What this task involves: Print the data once more, exactly as given. Drop the pictures.

------ Supplied material

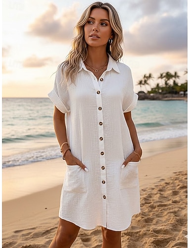 Kvinne Linstoff Lignende Falsk Bomull Linstoff Mini Kjole Skift Kjole Casual Daglig Vanlig Passform Ensfarget Kortermet Krage Hvit Sommer Vår
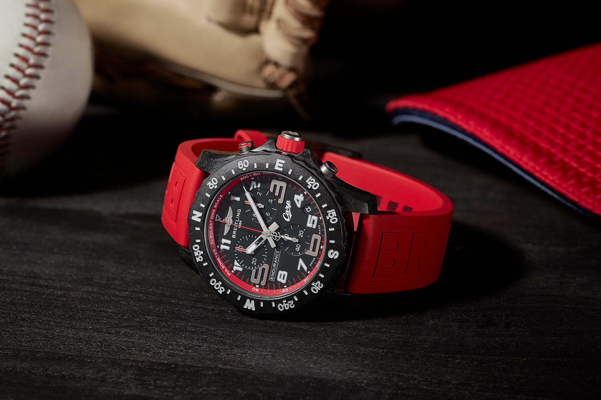 ブライトリング エンデュランス プロは、直径44ミ リのケースに超軽量素材であるブライトライト®を採用。チタンのわずか1/3という軽さを実現しています。内部には、温度補正スーパークォーツ™ムーブメントを搭載し、その精度は従来のクォーツの10倍。快適な着け心地で高精度であるうえ、ファッション性も豊か。カラフルなバリエーションを揃え、日常での着用にもセンスが光ります。
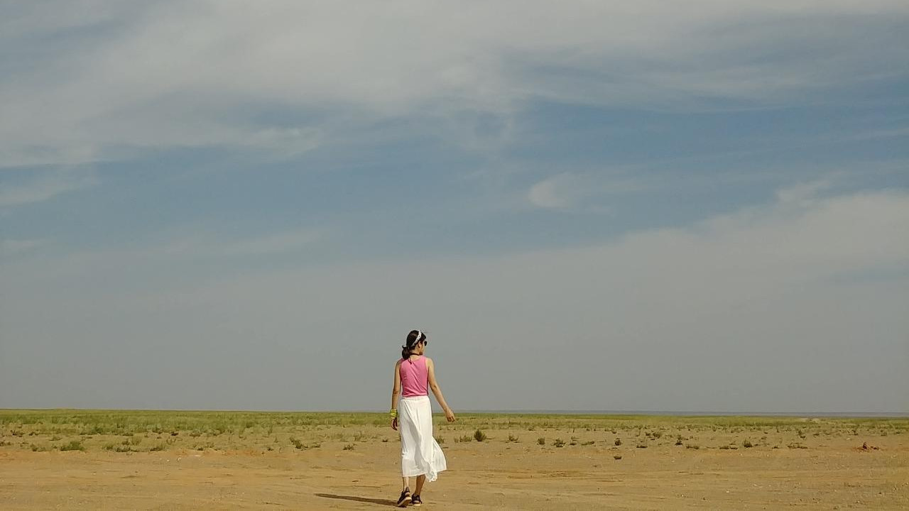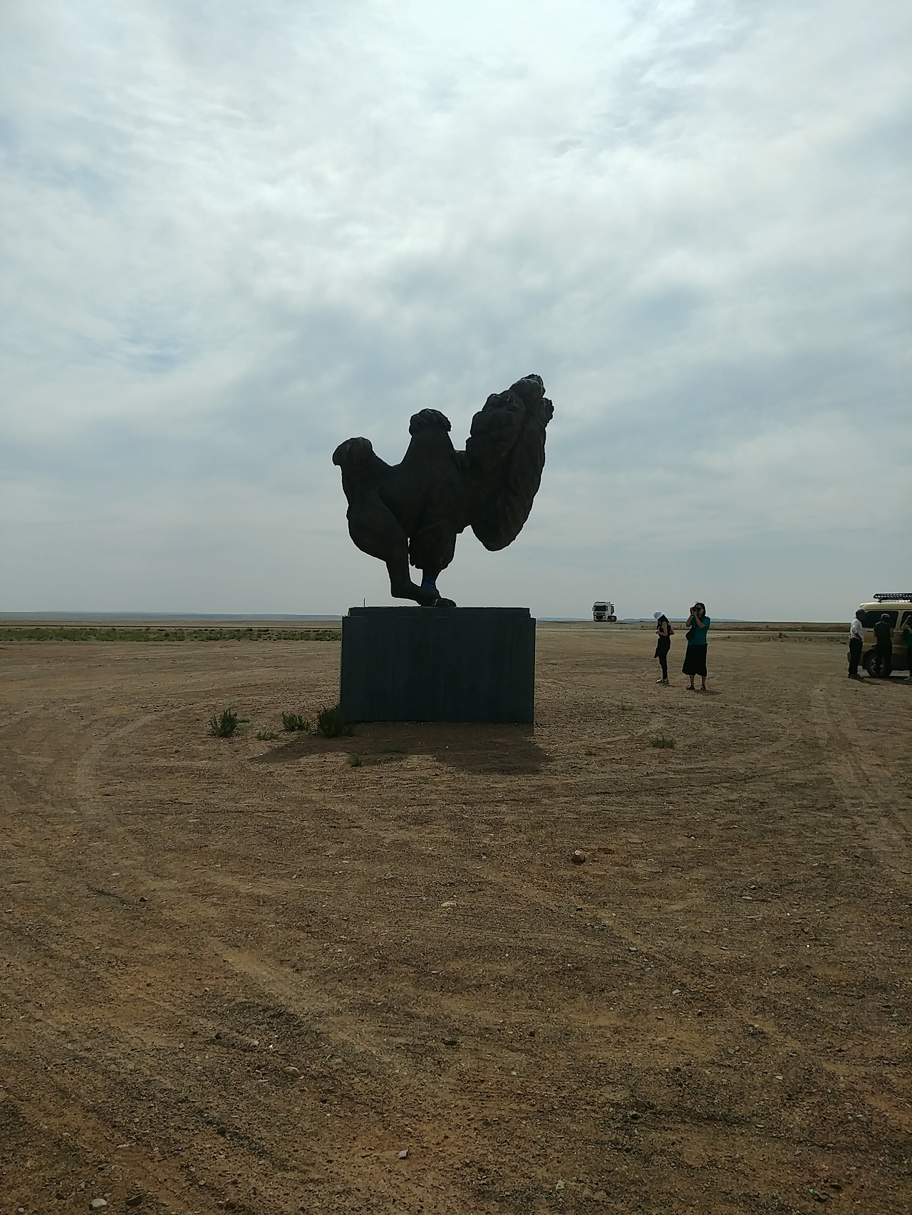 아침을 먹고 9시 정도에 출발했다. 출발한 지 얼마 되지 않아 엘사가 "얘들아, 사진 찍고 가자."라며 차를 세우고 내렸다. 큰 낙타 동상 하나가 서 있었다. 침게가 낙타 동상 너머로 나 있는 길이 예전에 낙타에 짐을 싣고 중국으로 가던 길이라고 간단히 말해주었다. 그 후 헤라, 엘사, 침게는 담배를 피웠다.

------------

Solved problem:
 Kvinne Linstoff Lignende Falsk Bomull Linstoff Mini Kjole Skift Kjole Casual Daglig Vanlig Passform Ensfarget Kortermet Krage Hvit Sommer Vår
 ブライトリング エンデュランス プロは、直径44ミ リのケースに超軽量素材であるブライトライト®を採用。チタンのわずか1/3という軽さを実現しています。内部には、温度補正スーパークォーツ™ムーブメントを搭載し、その精度は従来のクォーツの10倍。快適な着け心地で高精度であるうえ、ファッション性も豊か。カラフルなバリエーションを揃え、日常での着用にもセンスが光ります。
 아침을 먹고 9시 정도에 출발했다. 출발한 지 얼마 되지 않아 엘사가 "얘들아, 사진 찍고 가자."라며 차를 세우고 내렸다. 큰 낙타 동상 하나가 서 있었다. 침게가 낙타 동상 너머로 나 있는 길이 예전에 낙타에 짐을 싣고 중국으로 가던 길이라고 간단히 말해주었다. 그 후 헤라, 엘사, 침게는 담배를 피웠다.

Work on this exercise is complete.